Abstract:Production cost minimization (PCM) simulation is commonly employed for assessing the operational efficiency, economic viability, and reliability, providing valuable insights for power system planning and operations. However, solving a PCM problem is time-consuming, consisting of numerous binary variables for simulation horizon extending over months and years. This hinders rapid assessment of modern energy systems with diverse planning requirements. Existing methods for accelerating PCM tend to sacrifice accuracy for speed. In this paper, we propose a stable relay learning optimization (s-RLO) approach within the Branch and Bound (B&B) algorithm. The proposed approach offers rapid and stable performance, and ensures optimal solutions. The two-stage s-RLO involves an imitation learning (IL) phase for accurate policy initialization and a reinforcement learning (RL) phase for time-efficient fine-tuning. When implemented on the popular SCIP solver, s-RLO returns the optimal solution up to 2 times faster than the default relpscost rule and 1.4 times faster than IL, or exhibits a smaller gap at the predefined time limit. The proposed approach shows stable performance, reducing fluctuations by approximately 50% compared with IL. The efficacy of the proposed s-RLO approach is supported by numerical results.

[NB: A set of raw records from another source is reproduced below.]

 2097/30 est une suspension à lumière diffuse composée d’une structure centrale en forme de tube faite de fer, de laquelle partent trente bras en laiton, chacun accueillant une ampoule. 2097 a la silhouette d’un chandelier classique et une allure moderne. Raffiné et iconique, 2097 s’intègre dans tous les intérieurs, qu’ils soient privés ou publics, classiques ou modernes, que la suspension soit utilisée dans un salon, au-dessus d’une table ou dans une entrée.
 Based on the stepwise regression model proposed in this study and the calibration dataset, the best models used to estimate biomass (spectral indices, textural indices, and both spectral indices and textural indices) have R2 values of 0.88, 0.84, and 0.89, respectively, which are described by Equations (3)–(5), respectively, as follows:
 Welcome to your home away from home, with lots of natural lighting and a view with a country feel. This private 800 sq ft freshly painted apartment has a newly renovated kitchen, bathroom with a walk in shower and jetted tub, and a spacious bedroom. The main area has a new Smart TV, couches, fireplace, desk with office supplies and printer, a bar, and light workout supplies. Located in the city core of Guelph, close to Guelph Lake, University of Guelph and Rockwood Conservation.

What problem does this paper attempt to address?
The paper aims to address the computational efficiency issues in Production Cost Minimization (PCM) simulations for power systems. Specifically, the study focuses on the following key points:
1. **Problem Background**: PCM simulations are typically used to evaluate the operational efficiency, economic feasibility, and reliability of power systems, which are of significant value for power system planning and operation. However, actual PCM problems often involve a large number of binary variables, especially when the time span reaches monthly or yearly scales, leading to substantial time consumption in solving such problems.

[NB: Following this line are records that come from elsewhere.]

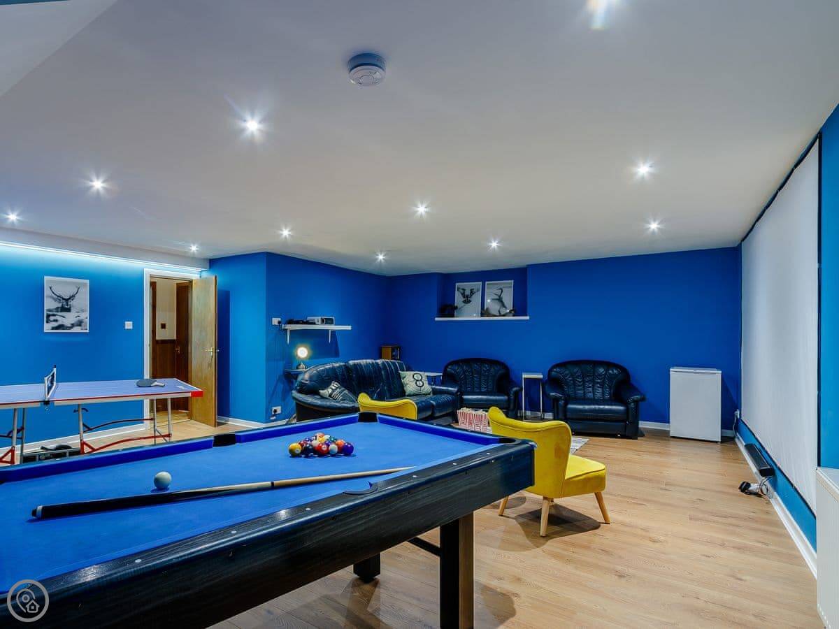 The main living space is on the ground floor. The kitchen and dining area open out to the back garden through sliding doors. There's a cinema room and a games room, which are useful if the weather turns.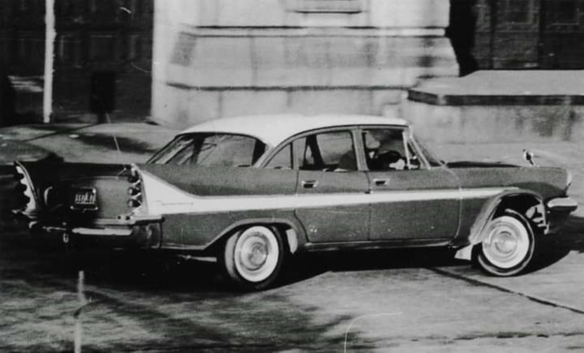 " I asked John Windelburn what the De Soto was that he drove in this Pukekohe Car Club Straight Sprint at Hullbright Road in October 1967.He sent me this photo of the car. It was a RHD 1958 De Soto Firesweep, one of only 2 in NZ.The B&W photo is John having a go at the "Braking and Acceleration Test" at the Auckland Railway Station The Auckland Car Club's Hepolite Trial competitors had to complete that test at the end of the event. John hadn't done the Trial but if there was a gap between competitors arriving the officials would let various club members have a go. John set the joint fastest time with a 3.8 Jaguar. ".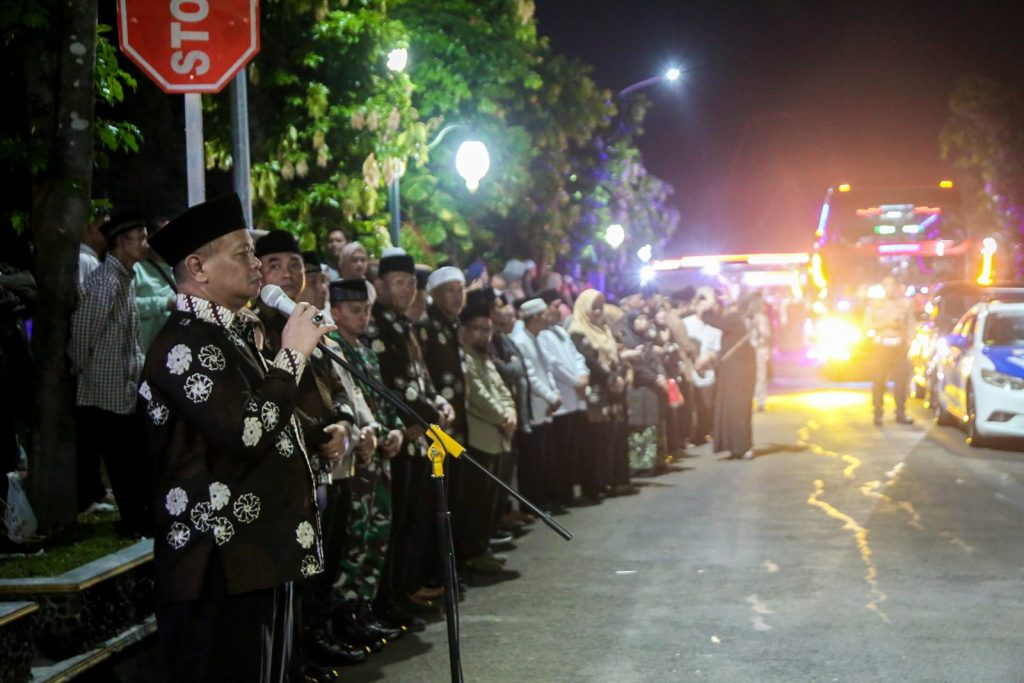 Pj Bupati Banjarnegara, Tri Harso Widirahmanto bersama jajaran Forkopimda melepas 355 jemaah calon haji kloter SOC 77 di Pendapa Dipayudha Adigraha, Jumat dini hari (16/6).

2. **Limitations of Existing Methods**: Existing methods to accelerate PCM solutions often sacrifice accuracy for speed. These methods include techniques based on binary reduction, relaxation, and partition, but they may result in inaccurate outcomes.
3. **Proposed Solution**: To address the above issues, the paper proposes a method called Stable Relay Learning Optimization (s-RLO). This method works within the Branch and Bound (B&B) algorithm framework and combines Imitation Learning (IL) and Reinforcement Learning (RL) techniques.

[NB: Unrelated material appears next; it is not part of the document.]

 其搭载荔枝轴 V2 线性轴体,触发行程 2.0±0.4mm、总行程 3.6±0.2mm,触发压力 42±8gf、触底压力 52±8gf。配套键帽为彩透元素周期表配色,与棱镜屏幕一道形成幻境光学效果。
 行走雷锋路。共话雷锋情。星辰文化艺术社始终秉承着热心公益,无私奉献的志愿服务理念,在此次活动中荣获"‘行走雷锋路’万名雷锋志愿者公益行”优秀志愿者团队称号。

- **Imitation Learning Phase**: Initially, the strategy network is initialized by imitating the behavior of the default relpscost rule in the SCIP solver, quickly forming a preliminary strategy network.
- **Reinforcement Learning Phase**: Subsequently, the strategy network is further optimized through reinforcement learning to improve solving speed. This phase refines the strategy network through continuous interaction with the environment.
4. **Main Contributions**:
- Enhanced the traditional B&B algorithm based on the open-source SCIP solver, significantly speeding up the PCM problem-solving process.
- Designed a two-phase s-RLO method that combines imitation learning and reinforcement learning to acquire and improve variable selection strategies.
- Achieved fast and optimal solution results. Additionally, the s-RLO framework demonstrates consistency and stability, maintaining performance even in the face of environmental changes.
5. **Case Analysis**: Experiments on a PJM 5-bus system show that the s-RLO method can significantly reduce solving time. For example, over a 336-hour time span, the average solving time was reduced by approximately 50% compared to relpscost; for 720 and 1440-hour time spans, s-RLO further shortened the solving time based on IL.
In summary, the paper proposes a new learning optimization method, s-RLO, aimed at addressing the computational efficiency issues of large-scale PCM problems while ensuring result accuracy. This method leverages the advantages of imitation learning and reinforcement learning, significantly improving solving speed while maintaining solution quality.